If x is an integer, is (x^2 +1)(x+5) an even number?

[Gmat2Go]

This is a DS problem

If x is an integer, is (x^2 +1)(x+5) an even number?

a) x is an odd number
b) Each prime factor of x^2 is greater than 7

I know a by itself will work. So down to A and D.
I don't understand what statement B is saying? ITs only talking about prime factor of x^2 but there could be other number that's no prime factor of x^2 so how do i know whether x is even or odd? Please advise.

[RonPurewal]

The prime factors of x^2 are the same as the prime factors of x. The reason is that x^2 is just x times x; therefore, a 'factor tree' or 'prime box' for x^2 would contain EXACTLY the same prime numbers as for x, but just twice as many of each one.

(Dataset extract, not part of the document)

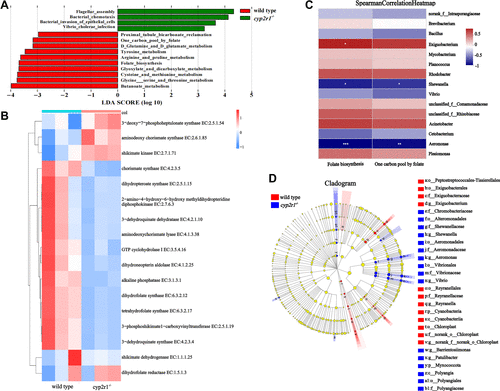 VD affected the functions related to the folate biosynthesis in gut commensals of zebrafish. A: the functional KEGG profiles of gut microbiota in wild-type and cyp2r1–/– zebrafish were predicted based on Tax4Fun analysis (LDA score > 2, P < 0.05). B: the heat-map was constructed to illustrate the differential abundance of the enzymes related to folate biosynthesis in wild-type and cyp2r1–/– zebrafish. The red and blue squares indicate the higher and lower abundance, respectively. C: the Spearman’s correlation between the predicted pathways of folate biosynthesis and the dominant genus in the gut microbiota was displayed. *P < 0.05; **P < 0.01; ***P < 0.001. D: the cladogram showing differentially abundant taxa in the gut microbiota of wild-type and cyp2r1–/– zebrafish. The enriched taxa in the wild-type (red) and cyp2r1–/– (blue) zebrafish were indicated. VD, vitamin D. |
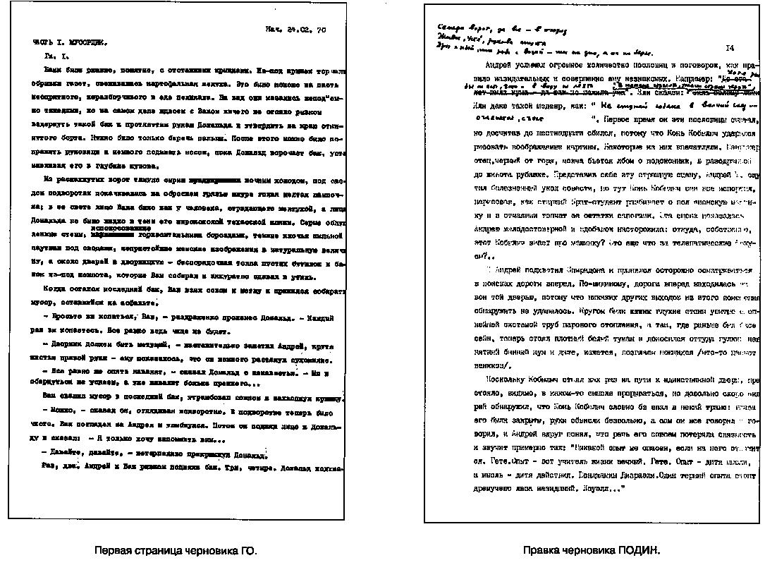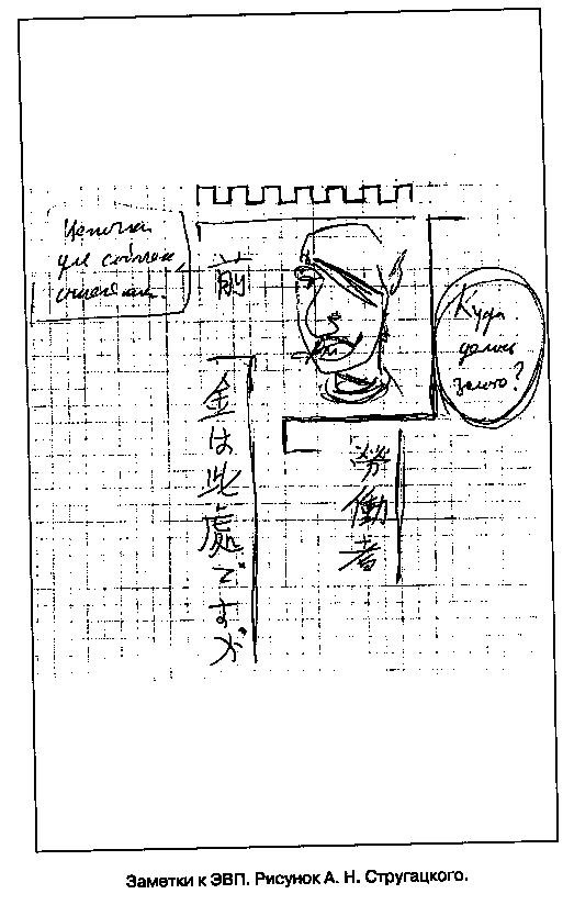 О работе над ВГВ БНС в «Комментариях» пишет: «В истории написания этой повести нет ничего особенного и тем более сенсационного. Начали черновик 27.03.83 в Москве, закончили чистовик 27.05.84, в Москве же. Все это время вдохновляющей и возбуждающей творческий аппетит являлась для нас установка написать по возможности документальную повесть, в идеале — состоящую из одних только документов, в крайнем случае — из «документированных» размышлений и происшествий. Это была новая для нас форма, и работать с ней было интересно, как и со всякой новинкой. Мы с наслаждением придумывали «шапки» для рапорт-докладов и сами эти рапорт-доклады с их изобилием нарочито сухих казенных словообразований и тщательно продуманных цифр; многочисленные имена свидетелей, аналитиков и участников событий сочиняла для нас особая программка, специально составленная на мощном калькуляторе «Хьюлетт-Паккард» (компьютера тогда у нас еще не было); а первый вариант «Инструкции по проведению фукамизации новорожденного» вполне профессионально набросал для нас друг АНа — врач Юрий Иосифович Черняков…» Но, как выясняется из архивных материалов, идея сделать повесть состоящей из отчетов, рапортов-докладов, записей бесед и реконструкций событий, написанных Каммерером, возникла у Авторов несколько позже — когда уже были написаны несколько вариантов текста, частично сохранившихся в архиве. Поначалу изложение ВГВ было обычным — повествовательным. По тому, что наличествующие страницы и главы, встречаемые в тексте, имеют нумерацию, а также по тому, что страницы, начинающие или завершающие сохранившиеся отрывки, зачастую обрезаны сверху или, соответственно, снизу, можно сделать вывод, что отдельные страницы этих вариантов были использованы для окончательной версии повести. Поначалу АБС, вероятно, кроме общей концепции повести придумали значимые для них высказывания, реплики, споры и обсуждения, а затем уже вкладывали их в уста того или иного персонажа или переносили этого персонажа в другую обстановку, чтобы он произносил их другим собеседникам. Это можно увидеть в сохранившихся отрывках как минимум двух ранних черновиков. Первый вариант. С. 29–38: <…> энергетика — вот что самое странное. Тора внимательно посмотрел на меня своими ореховыми главами. — Не выспался? — Да нет, ничего, я там подремал немножко на солнышке… — Хорошо, — произнес Тора и побарабанил пальцами по столу. — Давай-ка пока отвлечемся от технологии, это не наше с тобой дело. Согласен? Я уже довольно давно перестал понимать, что теперь наше дело, а что не наше. Это меня уже больше даже не раздражало. Я привык. Иногда мне даже казалось, что и сам Тора не очень хорошо представляет себе, где кончается наше дело и начинается не наше. Поэтому я с легким сердцем и чистой совестью сказал, что ему, Торе, виднее. — Да, мне виднее, — сказал он легко. — А поэтому скажи мне, пожалуйста, Тойво, дружище: что тебе показалось самым странным, если отвлечься от технологии? — Дисперсия реакции, — сейчас же сказал я то, что сформулировал для себя еще там, в Малой Пеше. Губы Торо вытянулись дудкой, и я понял, что он сейчас съязвит, и поспешно добавил: — Я имею в виду, что это только на первый взгляд была повальная паника. Так это выглядело только потому, что паникеры нашумели больше всех. Задали тон. А на самом деле, смотрите. — Я стал заги

So (2) now says, 'all the prime factors of x are at least 7'.
So, x is a product of primes 7 or greater. All those are odd, so, x is odd. As you've figured out, odd is sufficient, so this also works by itself. Therefore, answer is D.

Another way of deciphering (2) is to use this logic: 2 is the only even prime. Therefore, ALL even numbers have at least one 2 in their prime factorizations. So, if there are no 2's in the prime factorization, then the number is odd.

Hope that helps.

[pravsr]

Well explained Ron!!

[RonPurewal]

[tekofrlo]

thanks Ron.

[parthatayi]

The prime factors of x^2 are the same as the prime factors of x. The reason is that x^2 is just x times x; therefore, a 'factor tree' or 'prime box' for x^2 would contain EXACTLY the same prime numbers as for x, but just twice as many of each one.

So (2) now says, 'all the prime factors of x are at least 7'.
So, x is a product of primes 7 or greater. All those are odd, so, x is odd. As you've figured out, odd is sufficient, so this also works by itself. Therefore, answer is D.

Another way of deciphering (2) is to use this logic: 2 is the only even prime. Therefore, ALL even numbers have at least one 2 in their prime factorizations. So, if there are no 2's in the prime factorization, then the number is odd.

Hope that helps.

Hi Ron,

I dont think the option A holds good if the x takes the value -5.
The answer would be 0 which is niether even nor odd..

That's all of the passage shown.